Ah, those were the days when Paige was still relevant, and a key part of WWE's Divas storylines. These days, injuries, Wellness Policy suspensions, and alleged attitude problems have done a number on the Anti-Diva's push, but in 2015, Paige was still white-hot as the most talented woman on WWE's roster. She was still healthy, often capable of good matches, and could work the mic as well, though one can argue she said too much when she told Charlotte that her late brother Reid Flair didn't have enough fight in him.
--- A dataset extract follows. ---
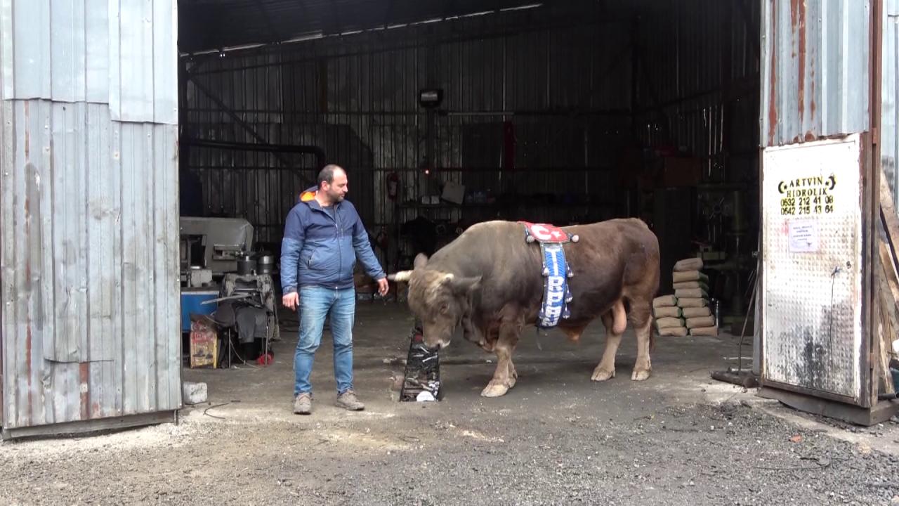 Artvin Sanayi Sitesi ustalarından Köksal Avcı'nın en büyük neşesi, yanından 8 yıldır ayırmadığı boğası.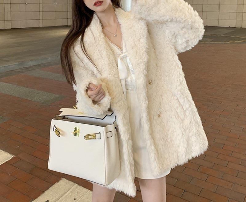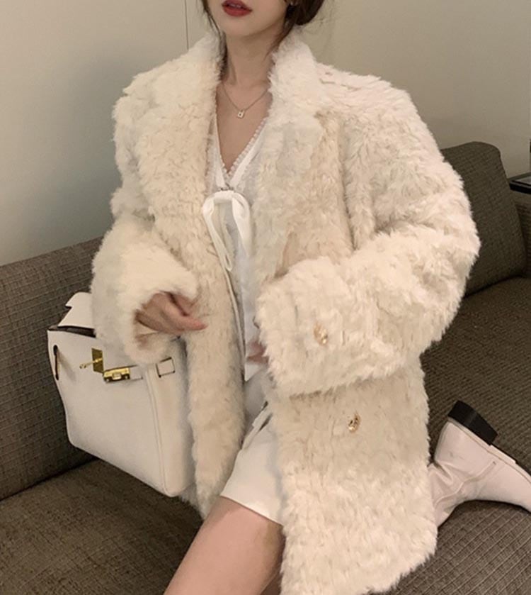 〈2Color〉金ボタン付き・テディベア風フェイクファーコート M3 -0220

Eva Marie can thank the fact she had no main roster matches in 2015 for this one. Due to that, 2015's worst female WWE wrestler has to be Cameron, who was clearly close to the bottom of the women's totem pole, while showing little improvement in her in-ring work. In fact, she spent most of 2015 on the house show circuit, and was still trying to live down that time when she tried to pin Naomi while the latter was on her stomach, and, in all seriousness, yelled out "Count it, ref!" By the spring of 2016, WWE had no choice but to say "Girl, bye!" to the former Funkadactyl.
SASHA BANKS (BEST)
This one's close, as Charlotte and Becky Lynch also had a great year last year. But we're going to go with Sasha Banks on basis of pure talent, combined with her multiple Women's Championship wins, big losses on PPV notwithstanding. Indeed, there's no questioning The Boss' technical ability, though we're still less than impressed by the promo work she churns out as a babyface. Rumor has it that she may be due for a heel turn pretty soon, and that should mean better promos, a return to the spotlight if she ends up feuding with Bayley as rumored, and even more technically-sound matches in 2017.
EVA MARIE (WORST)
Do we even need to explain this one? As Eva Marie had competed in a few televised matches in 2016, including one at WrestleMania 32, she qualifies as the worst of 2016, as her trademark horrific wrestling and botch-prone technique was very much on display last year. Any hopes of seeing Marie wrestle on SmackDown were seemingly squashed when she was slapped a Wellness Policy suspension last summer, and if it wasn't for her hammy new gimmick, we'd probably be jumping with joy if the rumors are true and she's really on her way out of WWE.